Around 100 people have died in clashes between gold miners in northern Chad, Defence Minister General Daoud Yaya Brahim said on Monday.

Violence broke out on May 23 at Kouri Bougoudi near the Libyan border, sparked by a “mundane dispute between two people which degenerated,” he said, adding that the toll was “around 100 dead and at least 40 wounded.”

The clashes occurred in the rugged Tibesti Mountains in the central Sahara, some 1,000 kilometers (600 miles) from the Chadian capital N’Djamena.

The discovery of gold there has sparked a rush of miners from across Chad and neighbouring countries, and tensions often run high.

The clashes were between Mauritanians and Libyans, the minister said.

He spoke to AFP by phone from the area, where he said he was with a large military contingent sent to help restore order.
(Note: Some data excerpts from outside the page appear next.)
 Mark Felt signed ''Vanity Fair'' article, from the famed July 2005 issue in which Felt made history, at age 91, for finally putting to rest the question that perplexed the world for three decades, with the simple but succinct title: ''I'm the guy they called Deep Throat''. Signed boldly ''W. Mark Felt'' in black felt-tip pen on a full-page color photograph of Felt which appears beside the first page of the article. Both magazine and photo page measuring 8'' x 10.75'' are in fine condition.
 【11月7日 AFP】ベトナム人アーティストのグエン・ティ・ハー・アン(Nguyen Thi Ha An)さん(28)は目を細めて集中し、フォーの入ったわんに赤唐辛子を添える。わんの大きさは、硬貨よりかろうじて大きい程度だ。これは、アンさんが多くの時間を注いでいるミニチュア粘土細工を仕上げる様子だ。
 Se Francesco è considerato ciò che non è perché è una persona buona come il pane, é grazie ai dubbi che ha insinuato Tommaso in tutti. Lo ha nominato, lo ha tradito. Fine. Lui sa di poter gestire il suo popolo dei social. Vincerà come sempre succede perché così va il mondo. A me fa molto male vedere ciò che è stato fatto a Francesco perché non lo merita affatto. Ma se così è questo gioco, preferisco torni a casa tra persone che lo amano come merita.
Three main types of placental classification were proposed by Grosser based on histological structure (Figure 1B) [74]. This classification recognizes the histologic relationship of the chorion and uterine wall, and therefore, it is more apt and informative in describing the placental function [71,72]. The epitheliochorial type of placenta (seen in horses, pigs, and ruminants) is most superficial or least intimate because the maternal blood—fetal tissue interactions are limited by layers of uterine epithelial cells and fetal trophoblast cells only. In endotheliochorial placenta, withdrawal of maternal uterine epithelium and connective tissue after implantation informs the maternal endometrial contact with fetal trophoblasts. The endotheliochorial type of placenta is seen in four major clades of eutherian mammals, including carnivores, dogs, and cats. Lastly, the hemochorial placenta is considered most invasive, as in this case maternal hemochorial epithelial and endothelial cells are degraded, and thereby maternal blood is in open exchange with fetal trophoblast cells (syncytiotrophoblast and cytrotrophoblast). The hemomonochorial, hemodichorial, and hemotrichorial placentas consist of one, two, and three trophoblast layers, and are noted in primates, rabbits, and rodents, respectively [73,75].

“This isn’t the first time that there’s been violence among gold miners in the region, and we have decided to suspend all gold mining at Kouri until further notice,” he said, adding that “the great majority (of mines in the area) are illegal.”

The incident was first announced on Wednesday, when Communications Minister Abderaman Koulamallah said in a statement there had been “loss of human life and several wounded,” but gave no further details.